Мы целовались и ссорились. Я перечислял всех ее прежних любовников, а она называла всех подряд женщин, с которыми я предположительно мог бы ей изменить.
— Ты даже не знаешь, что это такое — верность! — сказала она. Потом поцеловала меня и ущипнула. Уснули мы удовлетворенные, и утром я снова желал ее.
Дора промурлыкала нараспев:
— Я никогда, никогда не забуду тебя. Мои последние мысли на смертном одре будут о тебе, негодник ты этакой!
— Дора, я боюсь за тебя.
— О чем это ты, паршивый эгоист?
— Твой товарищ Сталин — сумасшедший.
— Ты недостоин даже произносить это имя. Убери руки! Лучше умереть в свободной стране, чем жить среди фашистских псов.
— Ты напишешь мне?
— Ты не заслужил, но первое мое письмо будет тебе.
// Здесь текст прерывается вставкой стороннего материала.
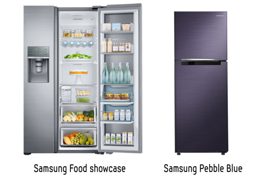 “Tủ lạnh trong tủ lạnh” Samsung Food Showcase: Dung tích lớn nhất lên đến 630 lít, là dòng tủ lạnh cao cấp nhất của Samsung giúp tăng khả năng lưu trữ 20-30% so với sản phẩm cùng kích thước. Thiết kế ngăn lưu trữ khoa học, chia làm 3 khu vực dành riêng cho Mẹ, Gia đình và Bé, giúp mọi thành viên tìm thấy thứ mình cần nhanh gấp 2.1 lần. Hệ thống lấy nước trong với dung tích lên đến 4.5l đủ dùng cho cả gia đình. Tủ lạnh 2 cửa Samsung Pebble Blue Thích hợp cho gia đình 2-3 người. Thiết kế xanh tím lấp lánh đẹp mắt, khả năng giữ thực phẩm tươi ngon suốt cả tuần nhờ hệ thống làm lạnh kép và ngăn Moistfresh Zone giữ ẩm tối ưu cho rau củ. Tối ưu hóa khả năng lưu trữ bằng ngăn chứa đa năng cũng như ngăn chứa trên cánh cửa lớn và sâu hơn, khay kéo trượt thuận tiện. Hệ thống khử mùi với quạt bên trong thổi khí qua một bộ lọc giúp khử mùi và tinh lọc không khí hiệu quả.

Снова я задремал и во сне оказался в Москве и Варшаве одновременно. Пришел на площадь, где были одни только могилы. Постучал в какую-то дверь. На стук отозвался дюжий русский мужик. Он был в чем мать родила и к тому же не обрезан. Я спросил, где Дора. "В Сибири", — ответил он. В доме собралась буйная компания. Мужчины наигрывали на гармошках, балалайках, гитарах. Отплясывали голые бабы. На улицу вышла рыжая собака. Я узнал ее — это была Елка, собака солтиса[10] из Миндзешина. Но Елка давно умерла. Что же она делала здесь, в Москве? "Такие пустые сны ничего не значат", — сказал я сам себе во сне.
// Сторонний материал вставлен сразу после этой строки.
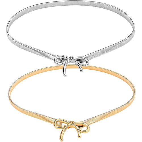 2 Pack Skinny Elastic Waist Belts With Bow Buckle For Women

Я открыл глаза, за окном было пасмурно, едва брезжил рассвет, и казалось: утро никогда не наступит. Дора гремела в кухне кастрюлями. Из крана лилась вода. Она тихонько напевала песенку про Чарли Чаплина. Я лежал не шевелясь, размышляя о мире, его противоречиях и нелепостях. Дора появилась в дверях:
— Завтрак готов.
— Как на улице?
— Идет снег.
Я умывался на кухне. Вода была ледяная.
— Тут валялись твои кальсоны. Я их постирала.
— Хорошо. Спасибо.
— Надень их. И не забудь забрать свою фашистскую писанину.
Она швырнула мне кальсоны и выбросила из-под кровати пачку рукописей, перевязанную бечевкой.
Пока мы завтракали, Дора не переставала поучать меня:
— Никогда не поздно понять, где правда. Наплюй на всю эту муть и идем со мной. Кончай писать про этих твоих раввинов и дибуков. Пойми, что такое реальный мир. Здесь все прогнило насквозь. Там жизнь только начинается.
— Везде все прогнило.
— Вот как ты смотришь на мир? Может, мы последний раз сидим вместе за столом. Кстати, у тебя не найдется три злотых?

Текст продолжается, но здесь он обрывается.